В 1971 году там же окончил школу и поступил в Харьковское высшее военное авиационное училище летчиков им. первого дважды Героя Советского Союза Сергея Ивановича Грицевца. Первую звезду Героя он получил за Испанию, а вторую - за Халхин-Гол.
Он выполнял задание парой, и когда ведущего сбили - командира эскадрильи, он сел на нейтральной полосе и, хотя тогда военные самолеты были одноместными, умудрился комэска вывезти с поля боя. Но перед Великой Отечественной войной Грицевец трагически погиб.
Училище я окончил в 1976 году, по распределению попал на аэродром Налайх, полк истребительных бомбардировщиков, 30 км от Улан-Батора. Там год отлетал, получил III класс и был отобран в разведывательный полк.
- На чем тогда летали?
- На Миг-21-ПФМ. Так вот был направлен в 101-й отдельный разведывательный полк - в г. Борзя, тоже Забайкальский военный округ. Там летал на Миг-21-Р. Р - значит разведчик. Это совсем другие полетные задачи, функции и т. д., интересно было летать.

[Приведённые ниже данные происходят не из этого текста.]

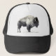 Ett fotografi av en amerikansk Bison eller Buffalo i svart och vitt på vintagen.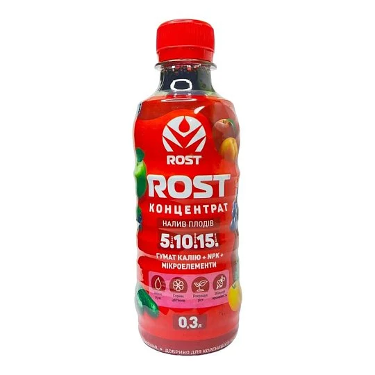 Rost® Концентрат – это высокоэффективное органо-минеральное удобрение, содержащее концентрированный гумат калия и комплекс макро-, мезо- и микроэлементов. Продукт обеспечивает растения необходимыми элементами питания и мобилизует их иммунную систему. Благодаря улучшению синтеза сахаров, аминокислот и витаминов, а также усилению поглощения воды и кислорода, Rost® Концентрат способствует ускорению клеточного деления и обменных процессов. Удобрение повышает поступление питательных элементов в растения, активирует белковый и углеводный обмен, а также увеличивает проницаемость клеточной мембраны, облегчая транспортировку питательных веществ внутрь клетки.

В 1980 году направили на переучивание в Липецкий центр. Переучился на управление самолетом Миг-25-РБ (разведчик-бомбардировщик). И был переведен в гарнизон Укурей Чернышев-ского района Читинской области в 1980 году.
В 1981 году по замене уехал в Германию, 5 лет там отлетал, аэродром Вернойхен, после этого по замене отбыл из Германии - в Белоруссию. Там 2 года отлетал и опять уехал - теперь уже в Заполярье - аэродром Мончегорск, Кольский полуостров.
В 1992 году ушел с летной работы по медицинским ограничениям и был переведен в Великие Луки в Великолукский центр единой системы организации воздушного движения. Где и закончил службу в 2001 году в должности начальника дежурной смены.
Без дублирования
А с какими трудностями приходилось сталкиваться. Интереснее детали и отдельные эпизоды.
Начать хотя бы с того, что военные самолеты и гражданские - две большие разницы. Гражданские машины имеют дублирование всех систем, а военные - нет.
- Сергей Геннадьевич, нет дублирования - значит двойная, а то и тройная ответственность ложится на летчика?
- Действительно, гражданские самолеты, которые предназначены для трассовых полетов и перевозки людей, оборудованы двойными, тройными системами дубляжа. Если отказал какой-нибудь генератор переменного, постоянного тока или отказала гидросистема, ты уже не выпустишь ни шасси, ни закрылки... При перевозке людей такие сюрпризы, конечно, недопустимы.
А боевые машины ограничены в весе. Есть такое понятие, как тяговая вооруженность самолета, где масса самолета делится на рассчитанную тягу двигателя. И тогда определяются самые выгодные боевые машины, это когда тяговая вооруженность машины равняется единице. Он со взлета может подниматься даже вертикально. То есть чем выше тяговая вооруженность, тем машина бо-лее эффективна.
Миг-25, на которых я летал, это была именно такая скоростная машина. Во-первых, у него высота полета - 20000 м. И крейсерская скорость, то есть не приборная, а истинная скорость 2650 - 2700 км/ч. Данные варьируются в зависимости от времени года, от погодных условий.
- Полет на разведывательном самолете наверняка требует от летчика особых навыков?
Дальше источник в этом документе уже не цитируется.